(492a) Facile, High-Yield Synthesis of Nanocrystalline ZSM-5 Rich in Framework Aluminum

Mortola, V., Universidade Federal de São Carlos
Ferreira, A., Universidade Federal de São Carlos
Fedeyko, J., Johnson Matthey Inc.
Bueno, J., Universidade Federal de São Carlos
Kung, M. C., Northwestern University
Downing, C., Northwestern University
Kung, H. H., Northwestern University

Highly crystalline nanosize ZSM-5 particles, rich in framework Al content (Si/Al=25) and low in the degree of intergrowth were synthesized with only 2 h hydrothermal treatment at 165 C by using NaCl as the precursor for Na ion, in a solution where the Na/Al ratio was unity. The product yield was 75%. In contrast, replacing NaCl with the same concentration of NaOH resulted in no solid formation in 2 h. Solids were formed by extending the hydrothermal synthesis time to 24 h, but particles of extensive intergrown nanocrystalline ZSM-5 were formed, and the product yield was low, in part caused by quartz formation.
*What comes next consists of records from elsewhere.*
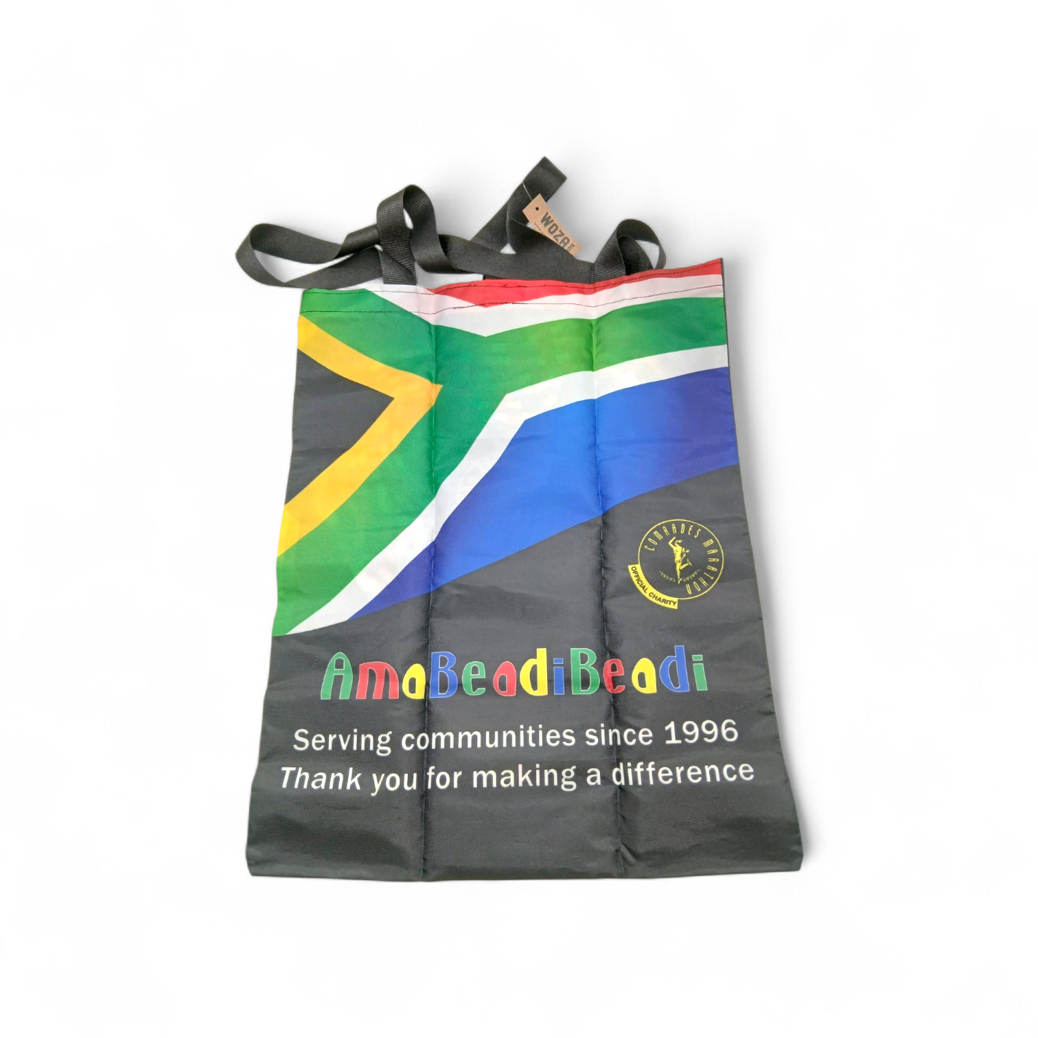 Our Comrades shopping bag is a practical and stylish essential for everyday use, designed to carry your essentials with ease while showcasing your Comrades pride. Made from durable, reusable material with strong handles for comfortable carrying, it’s perfect for race day gear, grocery runs, or daily errands. Lightweight yet sturdy, this bag is built for convenience and long-lasting use. Every purchase supports the AmaBeadibeadi Charity Drive, contributing to meaningful community upliftment initiatives and charitable causes. Carry more than just your essentials — carry the spirit of Comrades wherever you go.
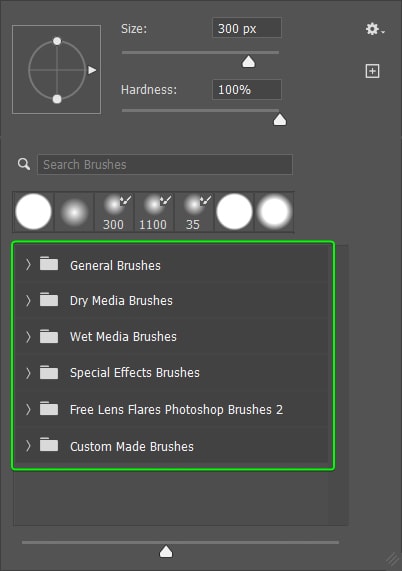 The default preset brushes and any brushes you create or import into Photoshop are separated into folders. You can navigate through the folders to choose the brush tip you need for your project.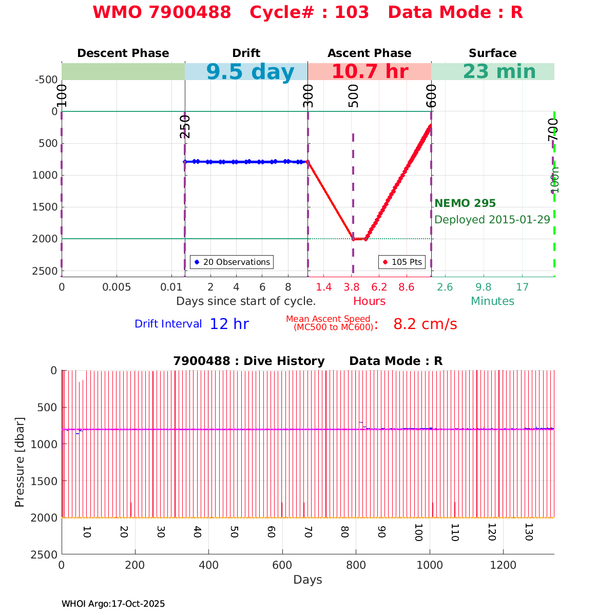 | WMO: #7900488 DAC: coriolis PI: Olaf BOEBEL NEMO: #295 SBE41_V3: #6459 Altimeter Comparison (IFREMER) EuroArgo Link | ![]() |

For synthesis with NaCl, the time of addition also has a dramatic effect on the morphology, uniformity, yield and time of formation of ZSM-5 nanocrystallites. When added at the beginning of the synthesis, 60 nm primary particles (as determined by TEM, SEM, and X-ray line broadening), with high aluminum contents (Si/Al = 25) that aggregated into discrete 100-150 nm cubic clusters were obtained. If NaCl was added 20 min later, no solid could be collected after 2 h crystallization.
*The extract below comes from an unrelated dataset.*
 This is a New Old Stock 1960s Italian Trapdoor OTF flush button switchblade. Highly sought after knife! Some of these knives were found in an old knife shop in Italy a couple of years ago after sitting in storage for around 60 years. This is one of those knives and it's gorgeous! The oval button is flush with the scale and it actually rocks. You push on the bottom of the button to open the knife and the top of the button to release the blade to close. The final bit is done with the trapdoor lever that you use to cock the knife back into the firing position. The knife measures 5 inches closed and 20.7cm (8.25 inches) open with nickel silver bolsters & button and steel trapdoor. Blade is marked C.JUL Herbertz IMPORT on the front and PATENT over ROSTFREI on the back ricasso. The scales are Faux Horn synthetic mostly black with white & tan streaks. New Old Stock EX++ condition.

The short duration of crystallization of ZSM-5 using the synthesis procedure where NaCl was added at the beginning of the synthesis suggested a possible atypical crystallization mechanism. In order to gain insight on this, solids were collected at different stages of the synthesis for detailed spectroscopic characterization. 27Al MAS NMR characterization of the solids showed that Al ions remained almost exclusively in a tetrahedral coordination throughout the first 2 h of synthesis. However, based on 29Si MAS NMR, only Q2 Si species was found up to 1.5 h of synthesis. At 1.75 h, small amounts of Q3 and Q4 species could be detected, and at 2 h, the dominant species became Q4. Similar rapid changes at around 1.75 h of synthesis were also observed in IR spectra, which showed vibrations associated with the framework and crystalline pentasil rings rapidly increased in intensity from 1.75h to 2h. The data suggested that crystallization of these ~60 nm ZSM-5 nanocrystallites occurred via an abrupt, unconventional solid phase transformation.